V.PENTAa, D.VORNICESCUa,b, M.KEUSGENb, C.PIRVUa*
aUniversity of Polytechnic Bucharest, Faculty of Applied Chemistry and Material’s science, 011061 Bucharest, Romania
bPhilipps-Universität, Institut fur Pharmazeutiche-Chemie D-35032 Marburg Deutschland
Recurrent post-treatment endodontic infection is a frequent issue in today’s dental practice. Our study presents a complex investigation on the formation of the acquired protein pellicle, a natural forming intraoral biostructure offering a novel approach in understanding this natural process. The dental pellicle can form on any structure of the oral cavity and in teeth with exposed root canal system to the oral environment. It enables subsequent interaction to a main endodontic pathogen Enteroccus faecalis. The present article investigates this interaction offering insight for dental clinicians. EIS observations together with AFM and SPR can offer a unique view of these complex processes and based on EIS fitting circuits we propose a model for the formation of this bio-layer and interaction with live cells. AFM images of the protein pellicle, adhesion of enterococci and effect of cleaning substances have been obtained in the main steps of our investigation confirming EIS data. Furthermore we follow the cleaning effect of sodium hypochlorite (NaOCl) on this structure with important clinical implications. SPR and AFM observations regarding action and optimal concentration were obtained by modeling a similar surface to the natural tooth dentine and simulating key conditions of the oral environment.

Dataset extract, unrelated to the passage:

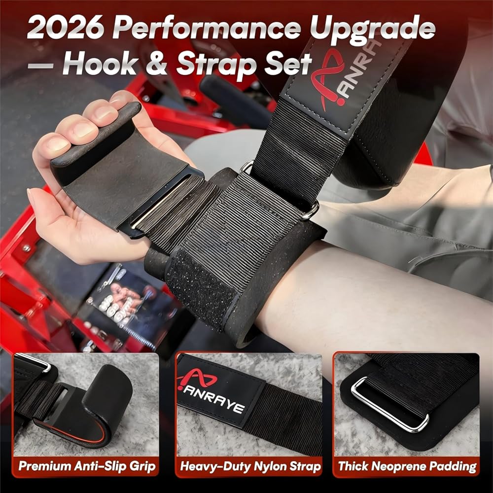 Weight Lifting Hooks & Wrist Straps Set – Lifting Hooks with Anti-Slip Grip, Adjustable Wrist Wraps for Weightlifting, Deadlifts, Powerlifting, Gym Straps for Men and Women, Black-Red
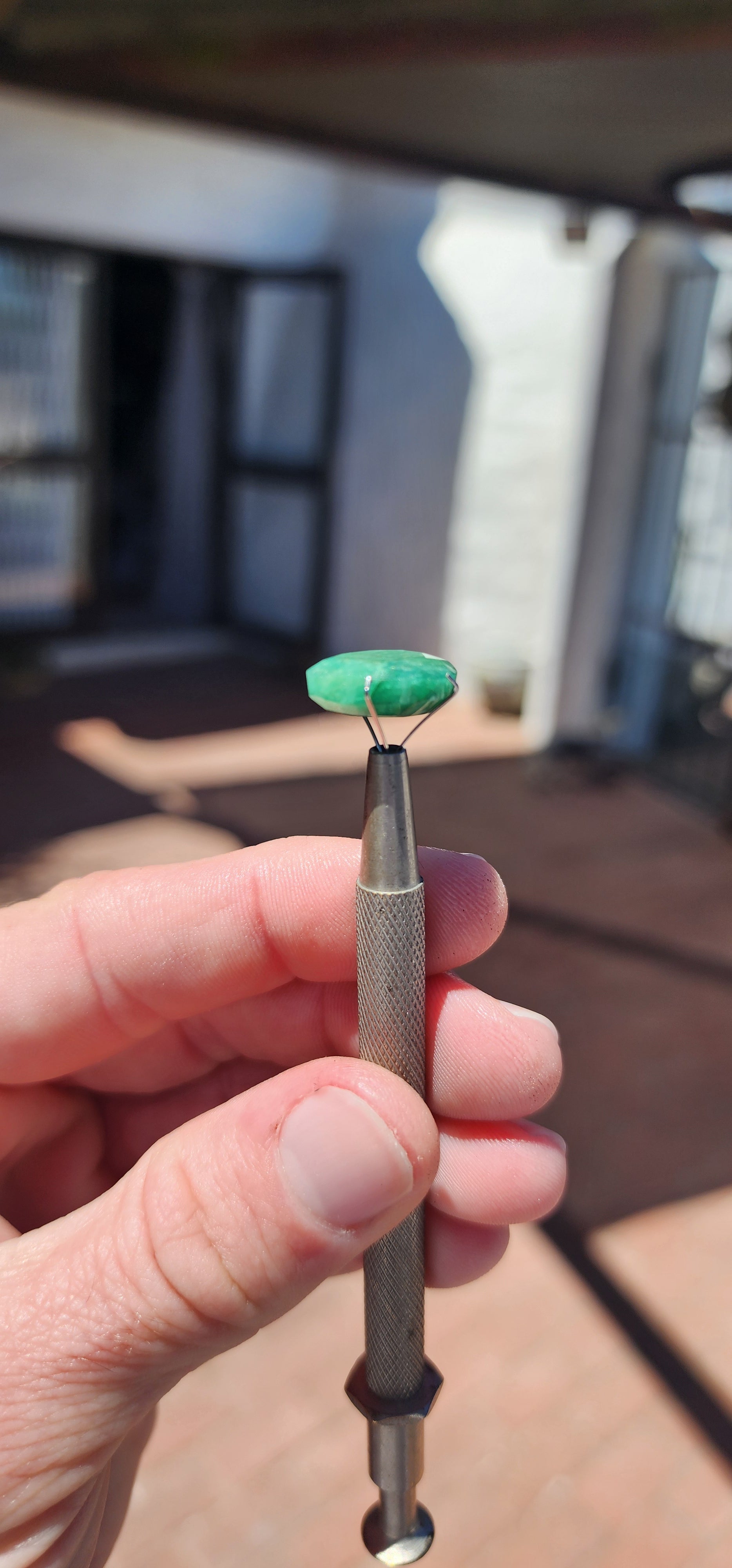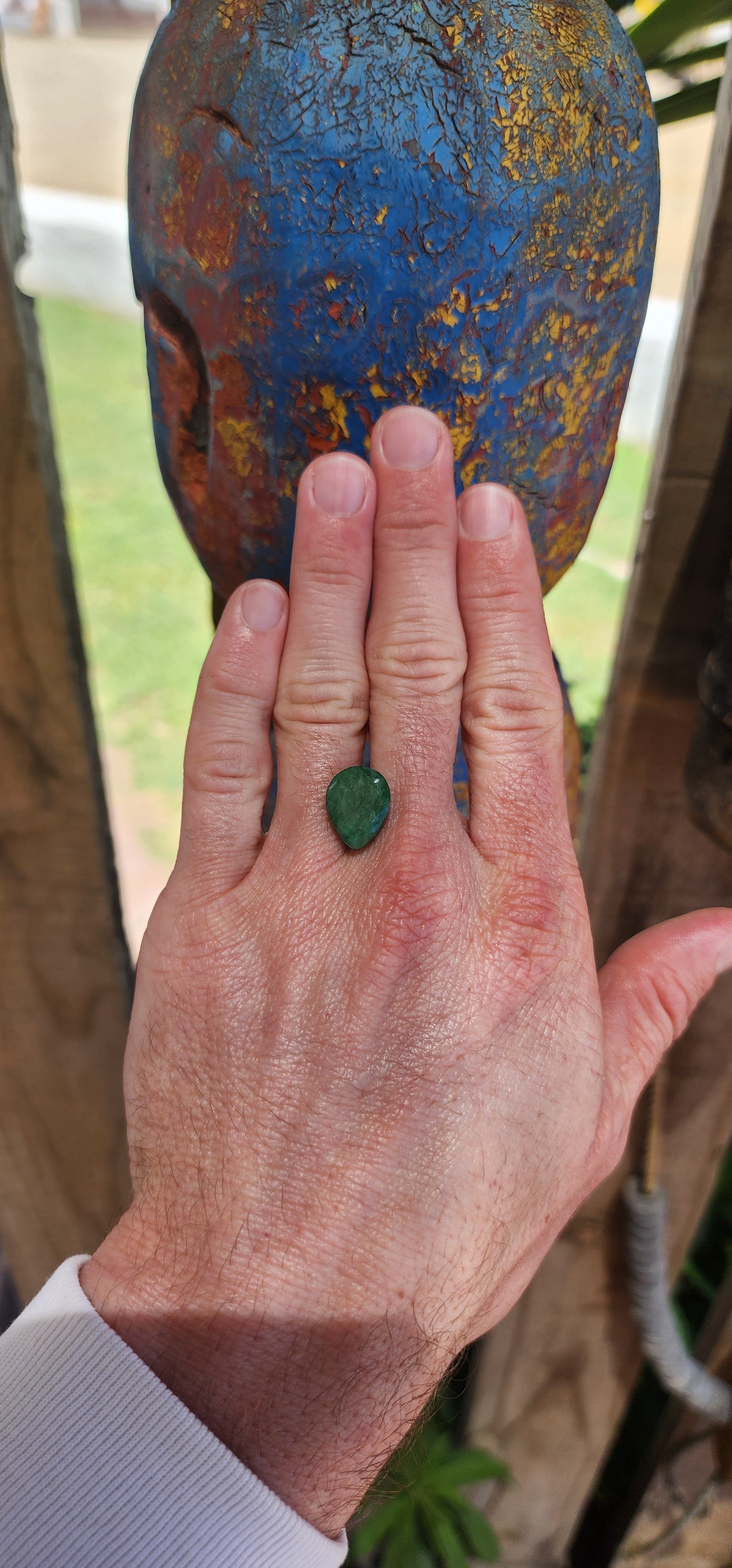 Color: The gemstone displays a deep green hue, characteristic of Zambian emeralds, with slight variations in tone due to its natural formation.

(Received July 4, 2013; Accepted September 7, 2013)
Keywords: ElS, SPR, Enterococcus faecalis, and sodium hypochlorite
1. Introduction
Many endodontic failures have as primary cause insufficient cleaning and disinfecting of the dental system[1]. One of the main microorganisms that reside in the dental endodontic system is Enterococcus faecalis[2], which has been frequently found in root canal-treated teeth from 30%
to 90% of the cases [3]. This microorganism is reported to have a significant effect on the dentin complex allowing for growth and biofilm formation[4]. Root canal-treated teeth are more likely to harbor this microorganism than cases of primary infections reducing the positive potential of endodontic treatment[5].

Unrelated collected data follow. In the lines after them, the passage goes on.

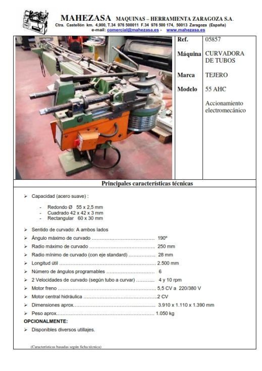 | Details | Accionamiento electromecánico, Capacidad tubo redondo diámetro 55 x 2,5 mm, cuadrado 42 x 42 x 3 y 50 x 25 x 3, sentido de curvado a ambos lados |
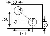 如圖是一個外輪廓為矩形的機(jī)器零件平面示意圖,根據(jù)圖中的尺寸(單位:),計算兩圓孔中心和的距離為______.
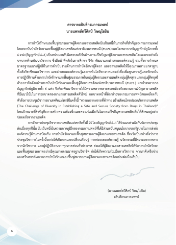 (The Challenge of Diversity in Establishing a Safe and Secure Society from Drugs in Thailand)”
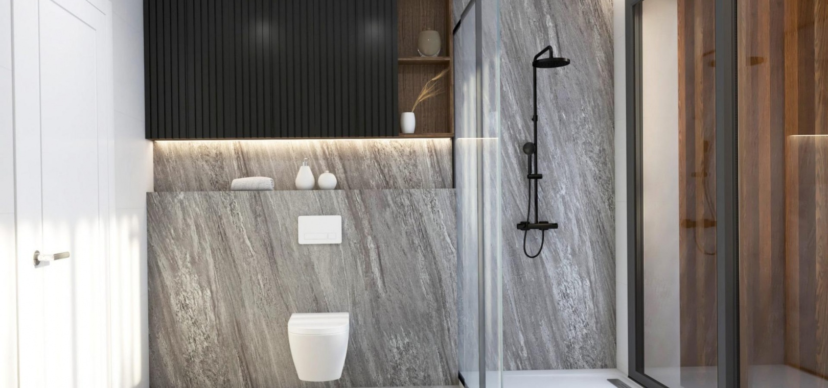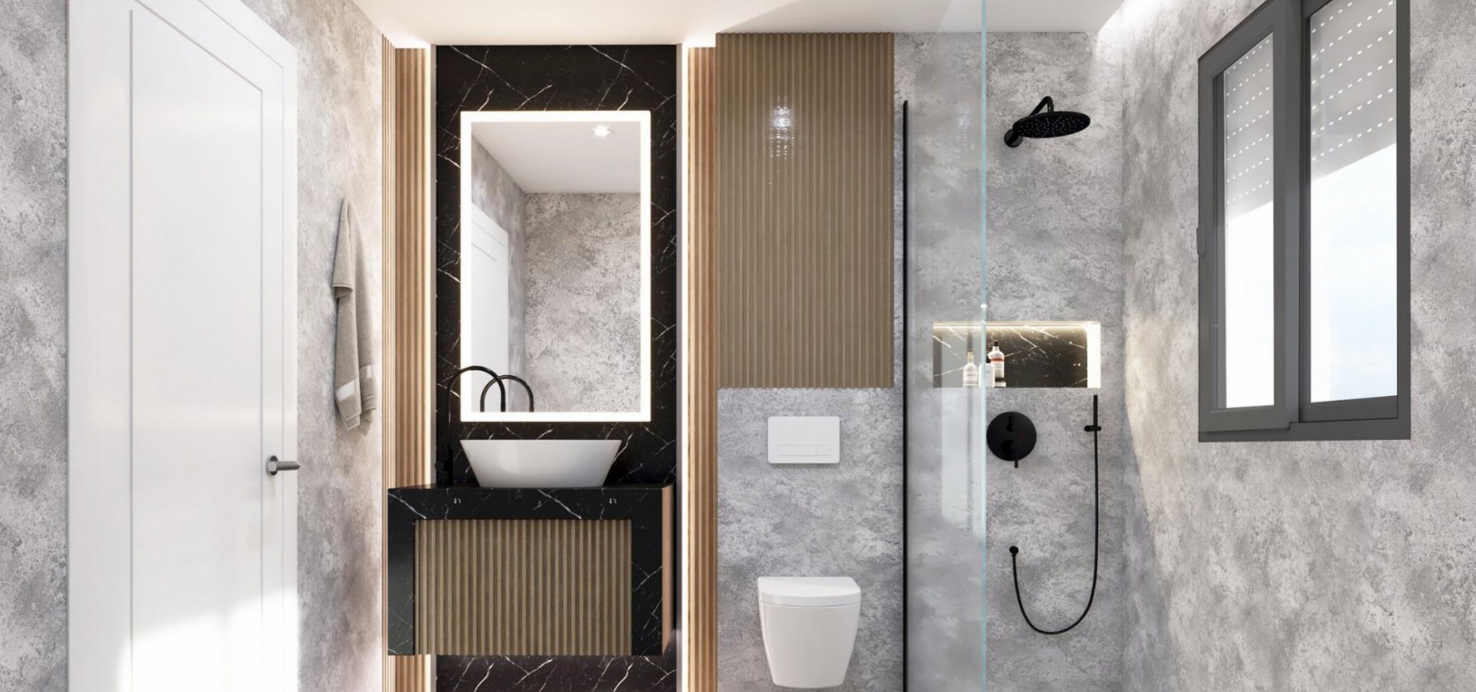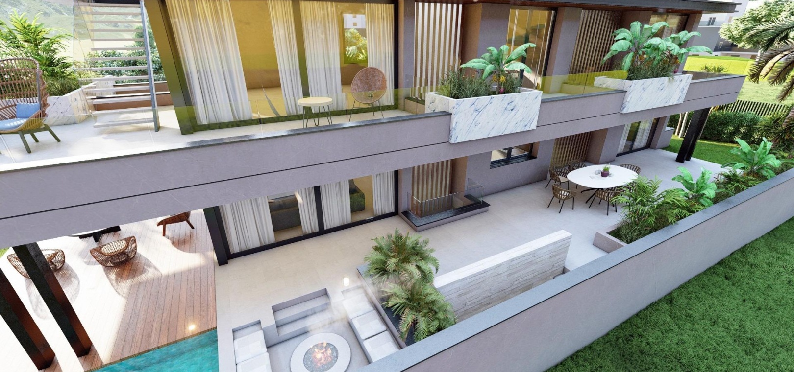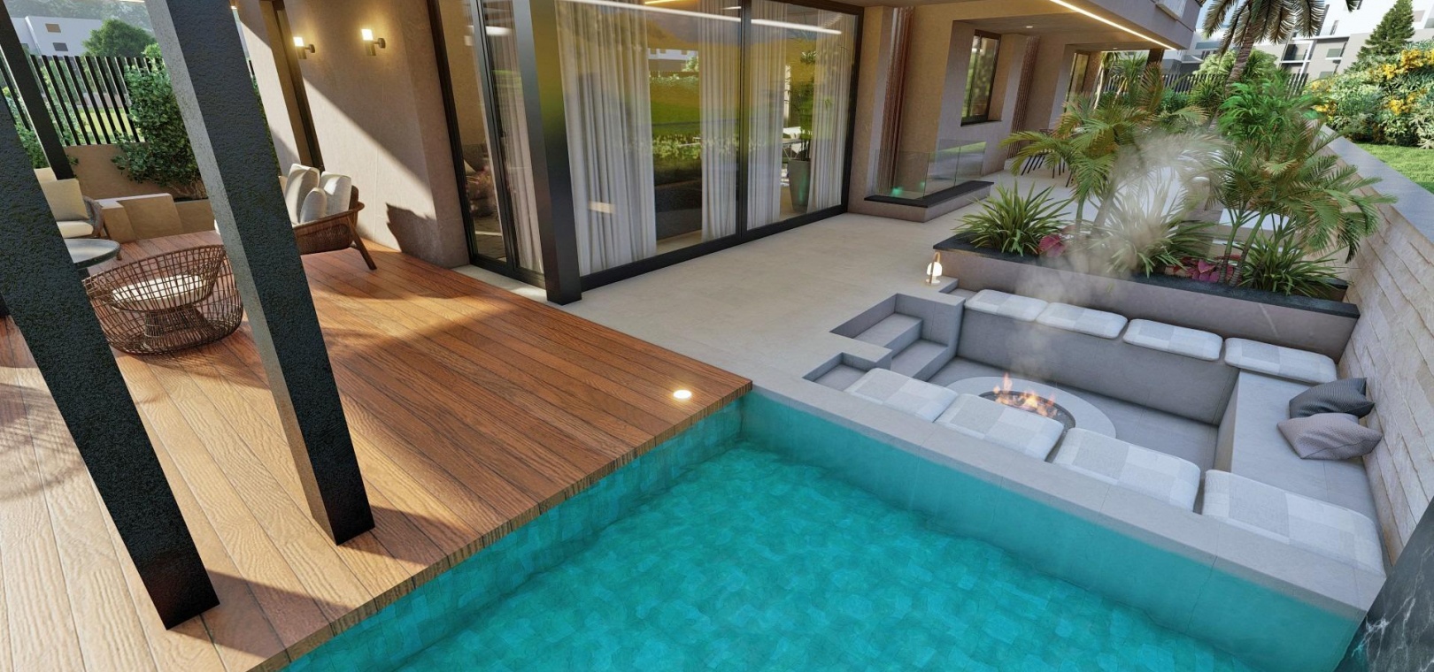 On the ground floor, a private garage for two cars sits alongside a landscaped garden, elegant fire pit and a large saltwater swimming pool. Inside, the open plan living room, dining area and modern kitchen connect seamlessly to an expansive terrace through floor to ceiling windows. This level also includes a bedroom with fitted wardrobes and a full bathroom.

Past investigations on the effect of sodium hypochlorite on the root canal wall have provided a starting point for the current investigation [1]. Based on previous published data we have successfully used EIS in dental material characterization expanding and explaining clinical implications[6]. The present study has in its focus monitoring of this cleaning substance on microbial interaction to the dental pellicle in teeth with open endodontic systems in the oral cavity[7]. The investigation uses complementary techniques EIS, AFM and SPR to better understand the clinical effect using live cells similar to oral bacteria. In our days biomedical
*Corresponding author: [email protected]
engineering has introduced models [8] and physical chemical procedures and EIS has evolved from electrode process investigations and specific uses to bio-layer and medical applications[9].
2. Experimental
The present study has an interdisciplinary character being based on a twin approach; a clinical one related to the preparation of natural saliva from a clinical patient lot and a physical chemical one representing the use of EIS, SPR and AFM data.
Natural saliva was gathered from a clinical patient lot after their signing of the informed consent. Saliva has been prepared by centrifugation for 1 hour at 8000 rot/min with refrigeration and then sterile filtered with 0.2μm filters. It has been stored refrigerated at 40celsius.
Enterococcus Faecalis is a gram-positive bacterium frequently identified in the dental endodontic space, it is a commensal microorganism; in this study we have used bacteria strain ATCC 29212.
The bacterial strains were grown in Luria Bertani Agar (LBA) test tubes at 37 °C with medium composition: peptone, 10 g/L; yeast extract 5 g/L, NaCl 5 g/L and agar 20 g/L. The stock culture was maintained at 4 °C.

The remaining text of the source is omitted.